Sarwar Sultana Begum or (Ulya (Ulli) Hazrat) (1875 – 1965), was an Afghan royal consort. She was married to Habibullah Khan (r. 1901–1919), and was the mother of king Amanullah Khan (r. 1919–1929).

Life

Early life and marriage
She was the daughter of Loinab Sher Dil Khan of Shaghasi, Governor of Balkh. Her sister, Tajawar Sultana married Sardar Mohammad Ali Khan Mohammadzai and they had two sons, Sardar Younus Khan and Sardar Mohammad Wali Jan. Her brother, Loinab Khush Dil Khan (born 1844) was the father of Loinab Ali Ahmad Khan. He was married to Princess Sahira Begum Siraj Al Banat, Sarwar Sultana's daughter.

She was one of the many wives of king Habibullah Khan. Like his predecessors, Habibullah Khan had four official wives and a large number of unofficial wives as well as slave concubines in the royal Harem Sara palace complex in Kabul. Her husband was known to have even more wives than was common, having at least 44 official or unofficial wives, among them Ulya Janab, but Sarwar Sultana Begum was one of his four main wives. 

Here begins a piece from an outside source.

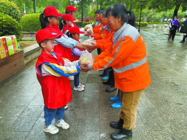 “叔叔阿姨辛苦啦!”说着,5名小志愿者将煎饼、豆腐脑组成的爱心早餐郑重地递到了环卫工人手中。

In 1919, her son succeeded to the throne, giving her a prominent position as the king's mother.

King's mother
She had an influential position at court during the reign of her son. Her son enacted a radical modernisation of the country, which included a reform in the position of women. This affected the royal court as well, as he dissolved the royal harem and freed the enslaved bonds women of the Harem Sara palace complex. 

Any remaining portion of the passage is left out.